- Randall Bartlett
Deputy Chief Economist
The Bank Cut as Expected, but Another Rate Cut in April Isn’t Guaranteed
Bank of Canada (BoC)
- In line with the widely held view of economists and markets, the Bank of Canada (BoC) cut the overnight policy rate by 25 basis points to 2.75% today. This is the seventh consecutive rate cut since June of last year, after the overnight rate reached a peak of 5.00% in July 2023. The new level represents the midpoint of the institution’s estimated neutral rate range, meaning it’s neither stimulative nor restrictive.
- In the press release External link., Governing Council recognized the solid performance of the Canadian economy at the end of 2024, besting the Bank’s expectations (graph 1). Solid domestic demand underpinned by past rate cuts played an important role. “However, economic growth in the first quarter of 2025 will likely slow as the intensifying trade conflict weighs on sentiment and activity. Recent surveys suggest a sharp drop in consumer confidence and a slowdown in business spending as companies postpone or cancel investments.” While surging exports ahead of tariffs will provide an offset to weaker domestic demand in Q1, the BoC doesn’t expect it to last. The Bank also chalked up the softening labour market in February to the uncertainty caused by the trade tensions.
- In contrast to weakening economic indicators, the Bank’s preferred measures of core inflation all topped 2% at last reading. Inflation would be above the 1.9% print in January as well if it weren’t for the GST/HST holiday, and should increase to about 2.5% at the end of the tax break, per the Bank’s estimate. Our analysis suggests the same (graph 2).

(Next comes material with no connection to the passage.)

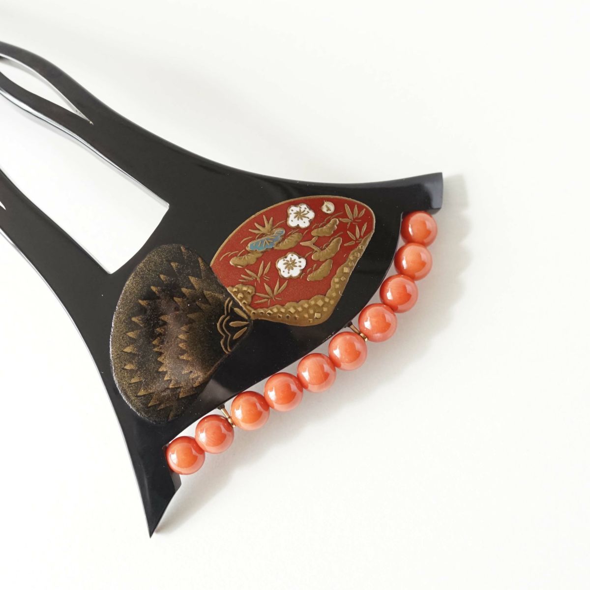本漆純金蒔絵螺鈿かんざし 輪ピン(中) 正倉院文様

- Bank of Canada Governor Tiff Macklem in his press conference opening statement External link., made clear what many Canadians already know—that the impacts of uncertainty and tariffs on inflation are difficult to assess. However, in trying to understand the implications of uncertainty related to trade tensions, the Bank published new survey data External link. on what they’re hearing from businesses and households. According to Governor Macklem, “While it is too early to see much impact of new tariffs on economic activity, our surveys suggest that threats of new tariffs and uncertainty about the Canada-US trade relationship are already having a big impact on business and consumer intentions… Canadians are more worried about their job security and financial health as a result of the trade tensions, and they intend to spend more cautiously… Businesses have lowered their sales outlooks, notably in manufacturing and in sectors that depend on discretionary spending by households… Our surveys also suggest business intentions to raise prices have increased as they cope with higher costs related to both uncertainty and tariffs. At the same time, inflation expectations have moved up as Canadians brace for the possibility of higher prices.”
Implications
While today’s rate cut was in line with market expectations, the tone of the press release gave little indication of what to expect in April. As both Desjardins Economic Studies External link. and the Bank of Canada External link. have previously determined, the trade war with the US is likely to have a stagflationary impact on the Canadian economy, characterized by a combination of higher inflation and lower real GDP growth at least temporarily. The Bank will need to balance these impacts along with any increase in Canadians’ inflation expectations.
To that end, as the Governing Council concluded at the end of its press release, “Monetary policy cannot offset the impacts of a trade war. What it can and must do is ensure that higher prices do not lead to ongoing inflation. Governing Council will be carefully assessing the timing and strength of both the downward pressures on inflation from a weaker economy and the upward pressures on inflation from higher costs. The Council will also be closely monitoring inflation expectations. The Bank is committed to maintaining price stability for Canadians.”
The market reaction following the announcement suggests investors are acknowledging that a follow-up rate cut in April is no slam dunk. Clearly, the Bank of Canada is mindful of its inflation-fighting credibility, which has been bruised by the pandemic experience and the Bank’s tendency to brush off that spike as transitory. Our forecast has embedded a more gradual rate cut profile than would be expected absent the upward pressures on inflation, but clearly the BoC will want to assess the early evidence, both on growth and inflation, before offering more accommodation. Key to watch for market participants will be the Bank’s next business and consumer surveys, out on April 7, which should provide another update on how hiring, investment and inflation expectations are evolving.